===== Data to examine

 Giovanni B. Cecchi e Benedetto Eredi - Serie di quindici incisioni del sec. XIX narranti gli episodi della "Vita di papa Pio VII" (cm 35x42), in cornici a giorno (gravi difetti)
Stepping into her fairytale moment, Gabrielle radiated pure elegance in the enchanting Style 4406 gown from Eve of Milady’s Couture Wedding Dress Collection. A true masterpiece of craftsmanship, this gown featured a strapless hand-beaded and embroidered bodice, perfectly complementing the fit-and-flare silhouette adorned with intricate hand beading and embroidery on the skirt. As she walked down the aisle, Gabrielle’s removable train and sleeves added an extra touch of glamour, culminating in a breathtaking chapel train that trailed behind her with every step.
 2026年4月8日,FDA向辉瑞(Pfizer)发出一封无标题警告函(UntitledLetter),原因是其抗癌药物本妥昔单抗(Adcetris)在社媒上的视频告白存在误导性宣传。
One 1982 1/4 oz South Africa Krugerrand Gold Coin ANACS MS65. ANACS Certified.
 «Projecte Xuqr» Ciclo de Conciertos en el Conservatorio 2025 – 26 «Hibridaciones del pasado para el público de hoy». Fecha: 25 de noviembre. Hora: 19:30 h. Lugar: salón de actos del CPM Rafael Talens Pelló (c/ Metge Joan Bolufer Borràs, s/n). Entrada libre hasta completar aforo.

==========
===== Data to examine

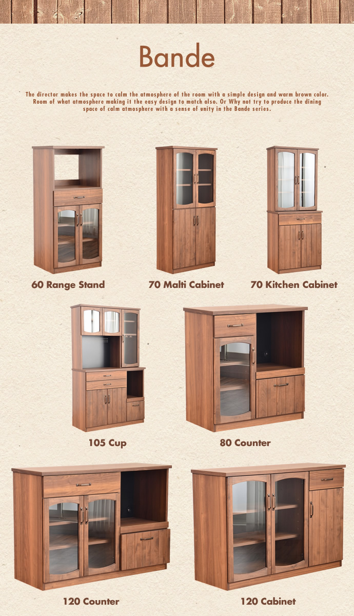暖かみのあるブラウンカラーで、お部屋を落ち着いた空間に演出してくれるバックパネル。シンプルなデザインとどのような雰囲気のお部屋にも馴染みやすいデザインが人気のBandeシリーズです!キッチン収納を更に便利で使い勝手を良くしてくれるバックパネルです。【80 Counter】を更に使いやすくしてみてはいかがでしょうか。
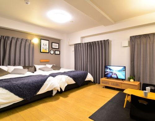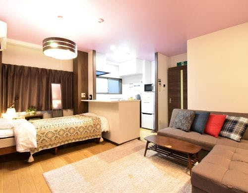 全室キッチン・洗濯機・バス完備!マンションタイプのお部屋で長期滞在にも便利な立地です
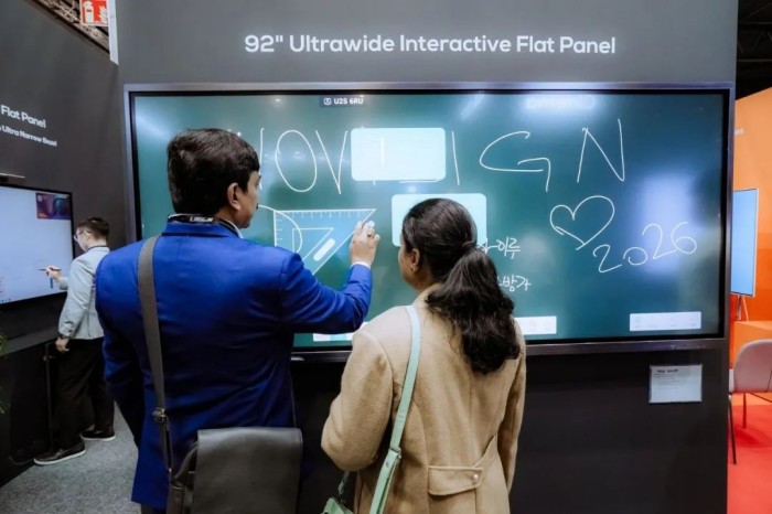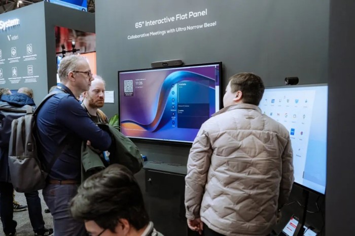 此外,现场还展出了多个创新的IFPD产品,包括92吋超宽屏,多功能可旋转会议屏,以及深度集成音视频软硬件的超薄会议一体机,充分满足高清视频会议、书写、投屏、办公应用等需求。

==========
===== Data to examine

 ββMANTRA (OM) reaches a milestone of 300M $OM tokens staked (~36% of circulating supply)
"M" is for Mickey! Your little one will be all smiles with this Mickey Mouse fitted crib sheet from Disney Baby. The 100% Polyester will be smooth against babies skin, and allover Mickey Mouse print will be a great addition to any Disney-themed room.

==========

Task directions:
When the word "this" turns up on a line of the material above, copy that line.

Your solution:
Stepping into her fairytale moment, Gabrielle radiated pure elegance in the enchanting Style 4406 gown from Eve of Milady’s Couture Wedding Dress Collection. A true masterpiece of craftsmanship, this gown featured a strapless hand-beaded and embroidered bodice, perfectly complementing the fit-and-flare silhouette adorned with intricate hand beading and embroidery on the skirt. As she walked down the aisle, Gabrielle’s removable train and sleeves added an extra touch of glamour, culminating in a breathtaking chapel train that trailed behind her with every step.
"M" is for Mickey! Your little one will be all smiles with this Mickey Mouse fitted crib sheet from Disney Baby. The 100% Polyester will be smooth against babies skin, and allover Mickey Mouse print will be a great addition to any Disney-themed room.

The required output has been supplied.